Charter Communications
Inc.

and

Comcast
Corp.

, according to people familiar with the talks. Dish emerged as an early favorite.

Share your thoughts

Could Dish succeed against bigger wireless players? Join the conversation below.

Mr. Ergen said his existing airwaves licenses made his pitch to build a new cellphone carrier more credible. He said he reached a broad agreement with Mr. Legere and Sprint Chairman Marcelo Claure in just four weeks of discussions in June.

But the discussions continued for three more weeks as the Justice Department pressed the merger partners for better terms. Government lawyers insisted the settlement include no restrictions on Dish’s ability to sell assets, other than to pure competitors, or find a deep-pocketed partner after the deal.

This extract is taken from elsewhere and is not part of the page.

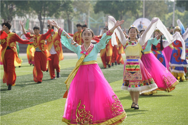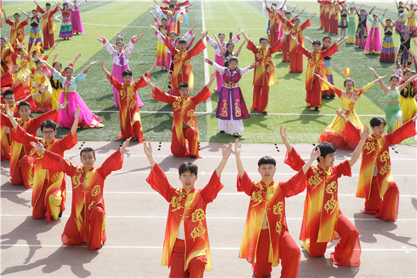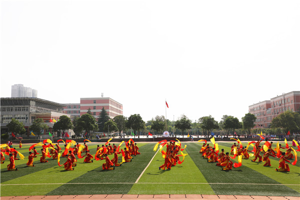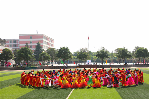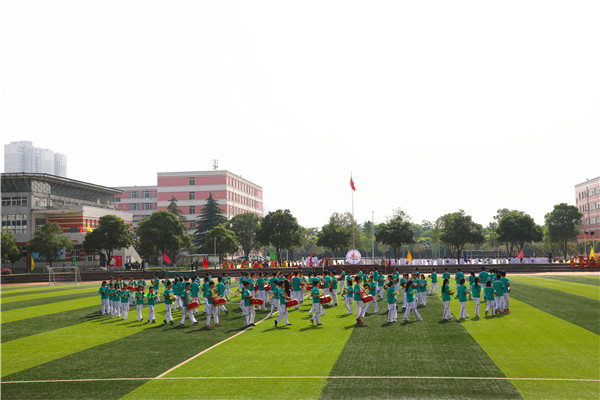本届运动会开幕式文艺表演精彩纷呈,亮点多多。首先进行表演的是锣鼓队。在曹小平老师的带领下,锣鼓队队员节奏鲜明、阵型多变,敲出了气势,敲出了附中的“精气神”!啦啦操队员在《喜羊羊》的背景音乐中,为我们奉上了一场青春动感的表演。他们挥舞着啦啦花,活泼可爱的舞姿尽显中学生的朝气与风采。高一年级的太极拳表演沉着稳重,一招一式都显示出中华传统武术文化的魅力。最令人瞩目的是民族舞表演《爱我中华》。舞者们身穿五彩斑斓、各具特色的民族服装,摆出各种花型,展现出56个民族的团结友爱,赢得了现场观众的阵阵掌声。

The Justice Department’s antitrust chief, Makan Delharim, was under the gun as government officials publicly split on the deal. FCC head Ajit Pai, a fellow Trump administration appointee, had already endorsed the T-Mobile and Sprint deal while a consortium of Democratic state attorneys general had filed a lawsuit seeking to block it, saying it would hurt consumers.

The Justice Department wanted to make sure the final agreement would stand up in court if challenged by the states. The companies have agreed to wait to close the deal under a federal court hears the case later this year.

Mr. Ergen will have to pay $1.4 billion for the Sprint customers and $3.6 billion in three years for the extra airwaves. T-Mobile will get the bulk of Sprint’s customers and airwaves and also have the right to buy some Dish spectrum. Sprint’s owner SoftBank gets to cash out after failing to disrupt the U.S. cellular market. The Justice Department gets to keep a fourth competitor.

“I think three years from now, this transaction will look better than it does this week,” Mr. Ergen said. “They are gonna have real competition.”